As soon as he took office in January 2017, President Donald Trump unleashed the military against the Islamic State group in Iraq and Syria — and since that time, the terror organization has been nearly defeated and chased out of the lands they claimed for a “caliphate.”
But ISIS still remains a threat — at least online. The terror group has shifted their focus from physical terror attacks to online attacks and threats of violence in the cyber realm — and they have even targeted Facebook founder and CEO Mark Zuckerberg with an apparent assassination threat.
ISIS hits the web
According to the U.K. Daily Star, a number of “pro-ISIS” hacking groups have come together and joined forces online to form what has become known as the United Cyber Caliphate (UCC)

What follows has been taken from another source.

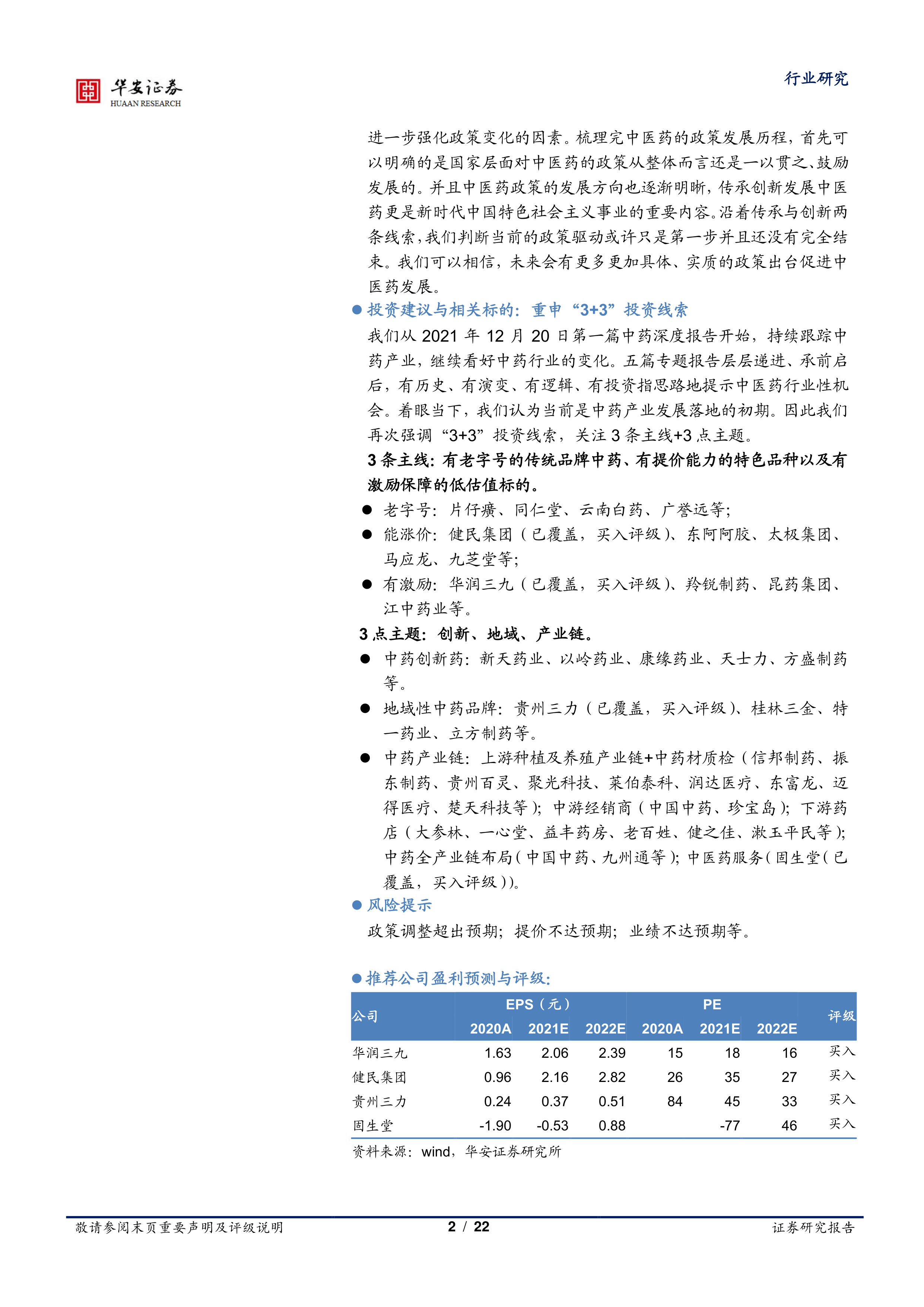 我们从2021年12月20日第一篇中药深度报告开始,持续跟踪中药产业,继续看好中药行业的变化。五篇专题报告层层递进、承前启后,有历史、有演变、有逻辑、有投资指思路地提示中医药行业性机会。着眼当下,我们认为当前是中药产业发展落地的初期。因此我们再次强调“3+3”投资线索,关注3条主线+3点主题。3条主线:有老字号的传统品牌中药、有提价能力的特色品种以及有激励保障的低估值标的。

A cybersecurity firm known as Sixgill recently released a report that documented online hacking efforts made by the remnants of ISIS, which included hacking attempts — with varying degrees of success — on multiple major websites, including Facebook itself and an untold number of Facebook accounts.

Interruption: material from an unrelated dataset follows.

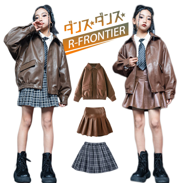 キッズ ダンス衣装 女の子 かっこいい セットアップ チェック柄スカート レザージャケット スカート ヒップホップ 韓国 -衣装 ジャズダンス 演出服 イベント 発表会 応援 110 180

As part of the alleged Facebook hack, the UCC has circulated photoshopped pictures that show Zuckerberg on his knees while wearing an orange jumpsuit as he is beheaded by a black-clad terrorist.
The picture, an apparent threat, also included Facebook’s logo with the word “hacked” written across it and contained the message: “Go to hell, Mark.”

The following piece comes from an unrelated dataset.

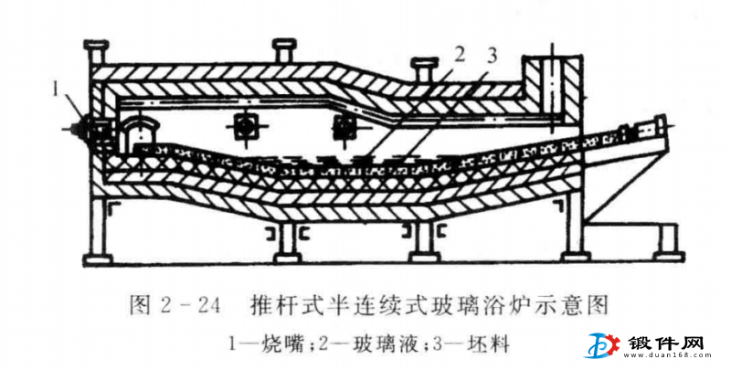 圖2-24所示為推桿式半連續(xù)玻璃浴爐。爐中加熱段凹形爐底內(nèi)熔有高溫玻璃液,鍛造坯料連續(xù)推過玻璃液后便被加熱,由于玻璃液的保護(hù),加熱過程中坯料不會(huì)氧化,并且,坯料推出玻璃液后,在表面附著一薄層玻璃膜,它不但能防止坯料產(chǎn)生二次氧化,還可在鍛造時(shí)起潤(rùn)滑作用。這種方法加熱快而均勻,防止氧化和脫碳效果好,且操作方便,是一種有前途的少無氧化 加熱方法。

“We assume that ISIS is targeting Facebook to retaliate against its measures to censor pro-ISIS content and groups, and on [a] more general level because Facebook is seen as a Western symbol,” Sixgill said in a statement to the Daily Star.
Aside from Facebook, the UCC has also targeted a number of other websites — at least some of which are government-run in Asian countries — with denial of service attacks that overwhelm them with manufactured traffic and force them offline.
In all, the UCC has claimed to be responsible for the alleged hacking of some 213 websites and proudly claimed to be responsible for forcing upwards of 520 websites to go down by virtue of their cyber attacks.
The UCC has also taken a special interest in threatening the mysterious online hacktivist group “Anonymous” — which has long been opposed to ISIS — with threats along the lines of, “this is what happens if you continue to challenge us.”
The Islamic State group may have been all but defeated militarily on the battlefields of the Middle East, but they appear to still pose a threat online, and are most likely attempting to encourage their devoted followers around the globe to carry on their apocalyptic fight in small but deadly terror attacks and assassination attempts.
Hopefully, nothing comes of the cyber attacks, and this scourge of sadistic radical Islamism will soon be wiped from the face of the Earth.